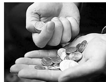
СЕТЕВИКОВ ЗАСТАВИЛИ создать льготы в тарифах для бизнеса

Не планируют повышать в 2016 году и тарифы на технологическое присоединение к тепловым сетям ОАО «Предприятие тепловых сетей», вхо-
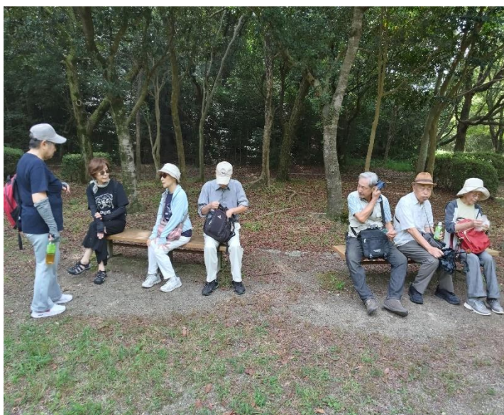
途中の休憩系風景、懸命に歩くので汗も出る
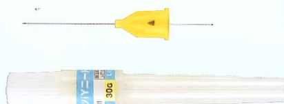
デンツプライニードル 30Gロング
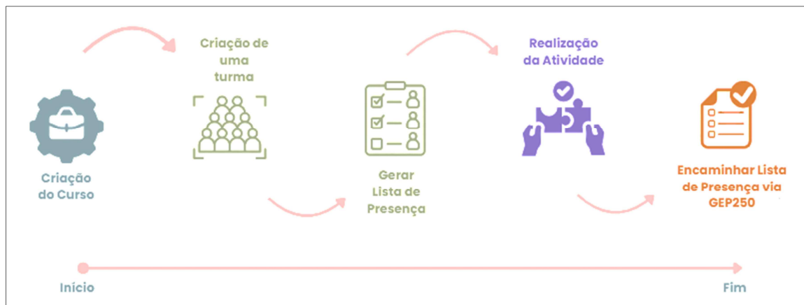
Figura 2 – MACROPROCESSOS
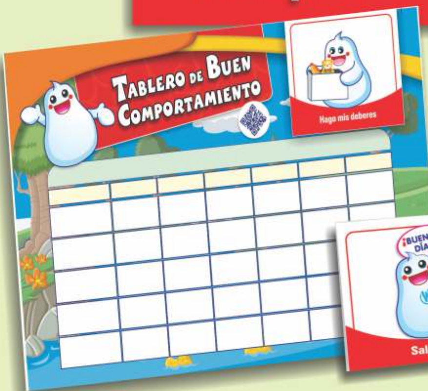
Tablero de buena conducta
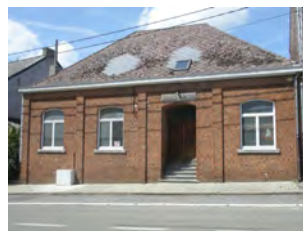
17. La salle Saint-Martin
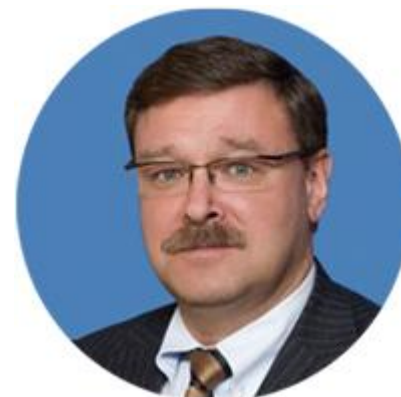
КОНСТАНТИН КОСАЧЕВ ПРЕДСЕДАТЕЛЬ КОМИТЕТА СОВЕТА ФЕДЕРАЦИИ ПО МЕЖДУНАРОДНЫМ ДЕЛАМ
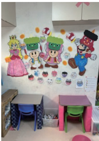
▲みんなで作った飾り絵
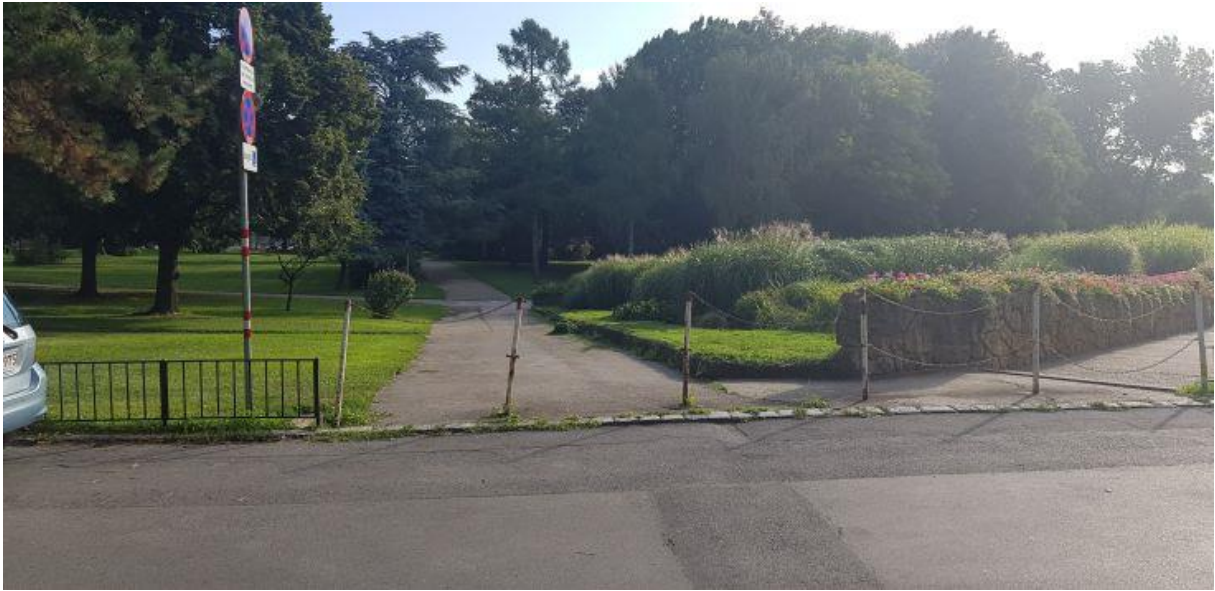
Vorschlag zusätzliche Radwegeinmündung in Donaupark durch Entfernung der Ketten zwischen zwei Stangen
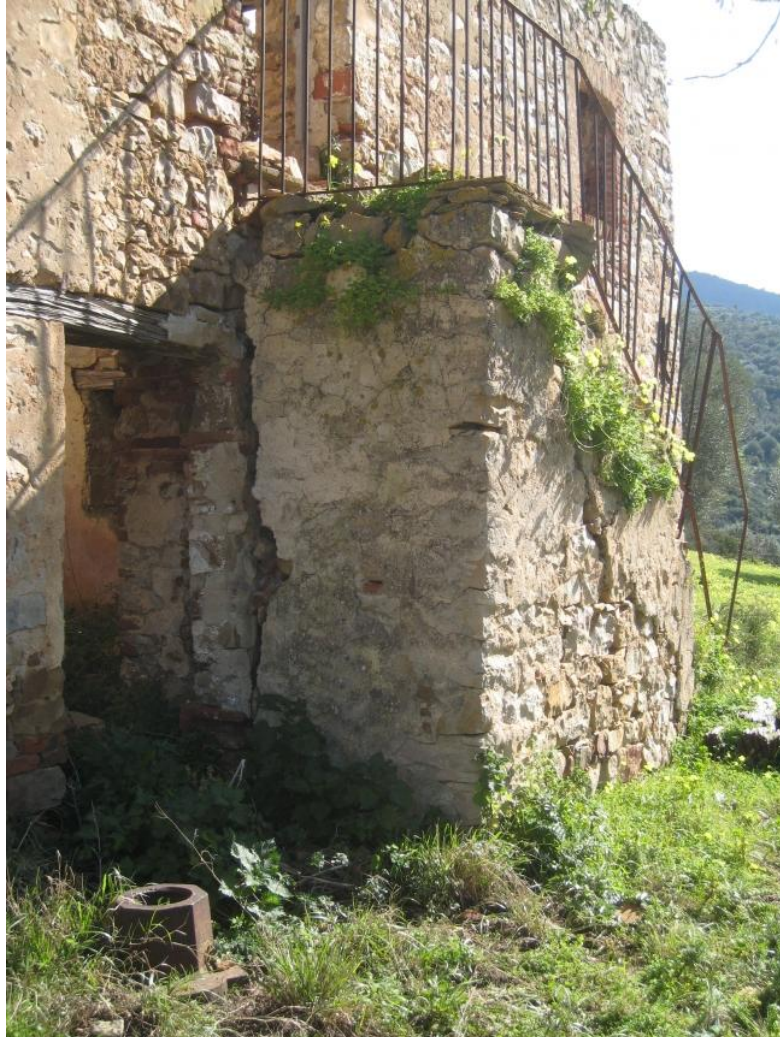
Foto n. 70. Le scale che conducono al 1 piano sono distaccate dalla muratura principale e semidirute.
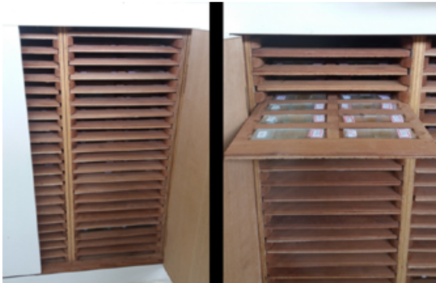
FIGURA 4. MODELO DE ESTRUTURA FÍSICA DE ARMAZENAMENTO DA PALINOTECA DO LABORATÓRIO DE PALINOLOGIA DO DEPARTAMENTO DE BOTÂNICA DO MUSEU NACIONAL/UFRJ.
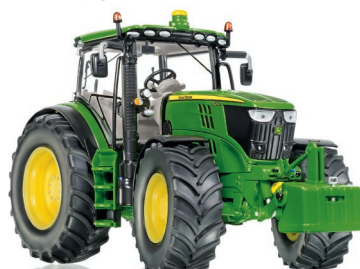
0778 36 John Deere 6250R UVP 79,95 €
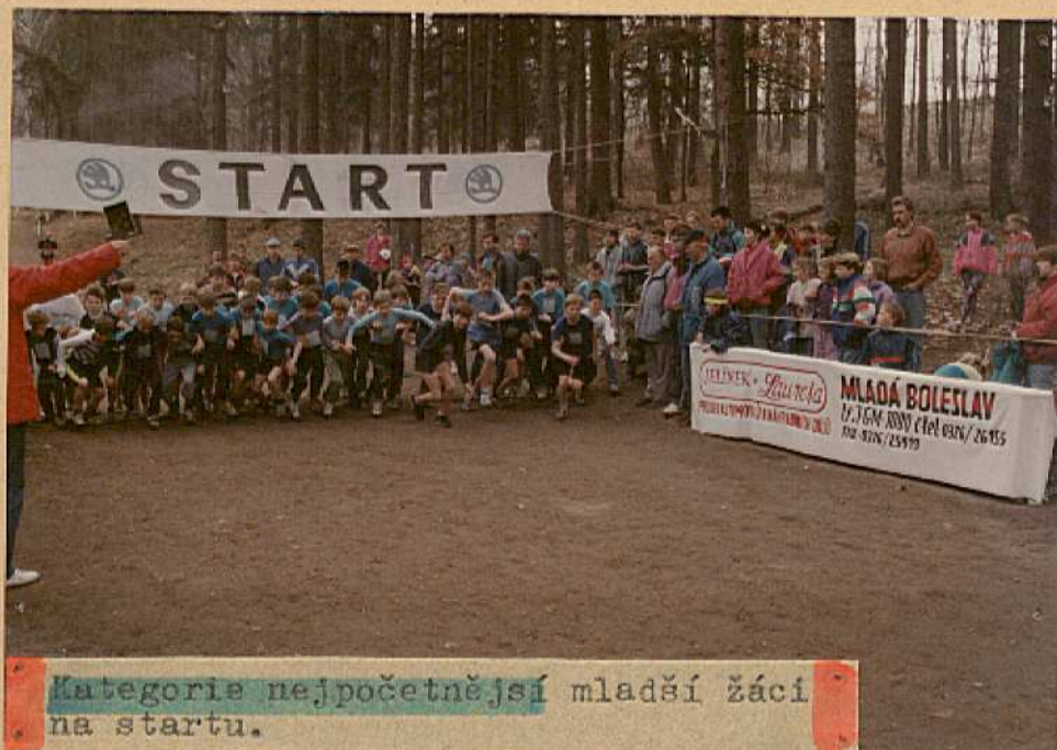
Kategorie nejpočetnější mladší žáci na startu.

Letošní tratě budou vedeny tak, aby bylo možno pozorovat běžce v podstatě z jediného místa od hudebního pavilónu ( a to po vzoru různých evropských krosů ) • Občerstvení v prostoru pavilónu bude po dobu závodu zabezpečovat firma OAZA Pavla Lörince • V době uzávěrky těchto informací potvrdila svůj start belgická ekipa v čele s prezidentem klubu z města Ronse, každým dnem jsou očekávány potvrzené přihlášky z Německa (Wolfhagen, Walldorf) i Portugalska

+ + +

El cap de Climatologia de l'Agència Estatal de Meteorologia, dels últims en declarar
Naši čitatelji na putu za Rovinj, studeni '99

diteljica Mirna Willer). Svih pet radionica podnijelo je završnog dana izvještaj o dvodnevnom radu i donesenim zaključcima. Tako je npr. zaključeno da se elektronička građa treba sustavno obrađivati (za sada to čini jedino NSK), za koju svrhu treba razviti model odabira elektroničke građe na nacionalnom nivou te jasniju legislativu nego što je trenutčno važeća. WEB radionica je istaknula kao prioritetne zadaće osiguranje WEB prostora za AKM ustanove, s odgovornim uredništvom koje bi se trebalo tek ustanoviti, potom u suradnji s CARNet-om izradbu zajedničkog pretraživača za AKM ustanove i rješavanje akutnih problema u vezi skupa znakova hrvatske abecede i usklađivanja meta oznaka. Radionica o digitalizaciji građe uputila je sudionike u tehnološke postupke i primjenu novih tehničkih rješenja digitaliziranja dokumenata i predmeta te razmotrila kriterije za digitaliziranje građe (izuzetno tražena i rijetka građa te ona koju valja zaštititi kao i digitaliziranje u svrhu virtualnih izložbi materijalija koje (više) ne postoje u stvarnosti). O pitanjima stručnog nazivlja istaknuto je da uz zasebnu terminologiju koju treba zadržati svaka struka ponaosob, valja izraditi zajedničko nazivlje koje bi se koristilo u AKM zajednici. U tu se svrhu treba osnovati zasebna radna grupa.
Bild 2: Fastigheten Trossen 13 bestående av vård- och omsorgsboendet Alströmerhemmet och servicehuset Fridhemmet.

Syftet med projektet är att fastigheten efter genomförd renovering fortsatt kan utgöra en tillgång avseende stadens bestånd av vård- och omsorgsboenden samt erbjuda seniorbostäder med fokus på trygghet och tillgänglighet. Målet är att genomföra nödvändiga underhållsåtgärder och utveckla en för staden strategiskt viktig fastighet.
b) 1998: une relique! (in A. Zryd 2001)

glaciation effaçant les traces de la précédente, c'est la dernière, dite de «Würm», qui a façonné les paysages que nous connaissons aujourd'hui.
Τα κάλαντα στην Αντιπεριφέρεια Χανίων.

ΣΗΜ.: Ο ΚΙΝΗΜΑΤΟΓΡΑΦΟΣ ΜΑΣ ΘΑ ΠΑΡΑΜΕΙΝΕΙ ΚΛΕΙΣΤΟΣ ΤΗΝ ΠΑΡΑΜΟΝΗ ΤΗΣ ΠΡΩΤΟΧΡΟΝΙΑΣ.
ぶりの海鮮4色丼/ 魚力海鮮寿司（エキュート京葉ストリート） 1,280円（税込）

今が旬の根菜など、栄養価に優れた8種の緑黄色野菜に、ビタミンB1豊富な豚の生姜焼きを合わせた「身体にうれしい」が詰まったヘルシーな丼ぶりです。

+ + +

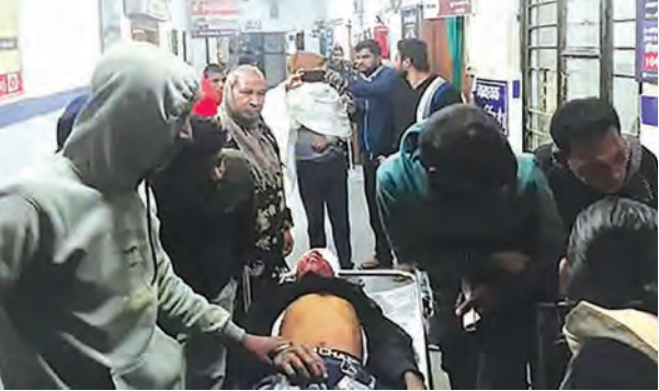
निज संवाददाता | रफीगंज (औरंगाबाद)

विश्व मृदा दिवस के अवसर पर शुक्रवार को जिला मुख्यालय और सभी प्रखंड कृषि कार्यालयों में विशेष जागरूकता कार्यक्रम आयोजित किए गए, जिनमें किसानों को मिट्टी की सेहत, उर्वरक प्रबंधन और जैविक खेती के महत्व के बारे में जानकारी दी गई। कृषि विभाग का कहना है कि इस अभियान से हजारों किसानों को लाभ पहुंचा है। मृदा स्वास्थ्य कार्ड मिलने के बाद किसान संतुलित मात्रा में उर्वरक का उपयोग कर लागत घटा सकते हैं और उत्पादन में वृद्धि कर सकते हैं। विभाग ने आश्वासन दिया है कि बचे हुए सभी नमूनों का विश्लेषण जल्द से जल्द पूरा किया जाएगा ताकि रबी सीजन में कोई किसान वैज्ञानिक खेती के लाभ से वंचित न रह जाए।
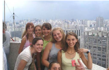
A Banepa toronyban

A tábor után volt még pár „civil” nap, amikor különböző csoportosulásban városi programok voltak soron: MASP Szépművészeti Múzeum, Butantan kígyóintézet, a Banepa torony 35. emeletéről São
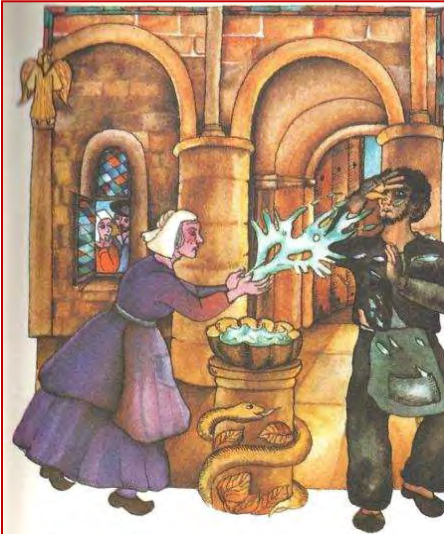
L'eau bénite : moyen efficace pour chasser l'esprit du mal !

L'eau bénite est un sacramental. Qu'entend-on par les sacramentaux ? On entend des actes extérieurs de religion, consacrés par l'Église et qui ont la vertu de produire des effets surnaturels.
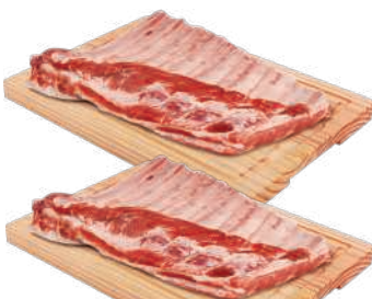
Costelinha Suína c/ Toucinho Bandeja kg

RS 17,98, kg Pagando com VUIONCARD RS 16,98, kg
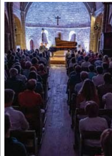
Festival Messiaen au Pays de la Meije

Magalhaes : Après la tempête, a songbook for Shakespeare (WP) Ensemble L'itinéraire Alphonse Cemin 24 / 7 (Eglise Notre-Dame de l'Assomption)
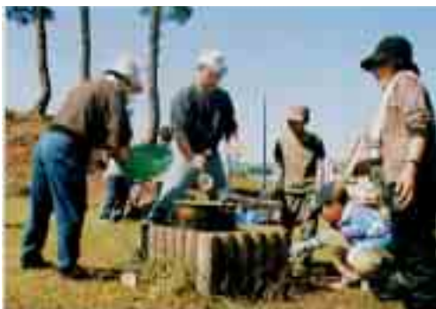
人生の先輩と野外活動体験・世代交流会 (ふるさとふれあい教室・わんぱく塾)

+ + +

• The problem
Lines wanted from the entries above: the one with "A tábor után", the one with "L'eau bénite : moyen", and all lines between. Please copy them exactly, without the pictures and without anything else.

• Expected output
A tábor után volt még pár „civil” nap, amikor különböző csoportosulásban városi programok voltak soron: MASP Szépművészeti Múzeum, Butantan kígyóintézet, a Banepa torony 35. emeletéről São
L'eau bénite : moyen efficace pour chasser l'esprit du mal !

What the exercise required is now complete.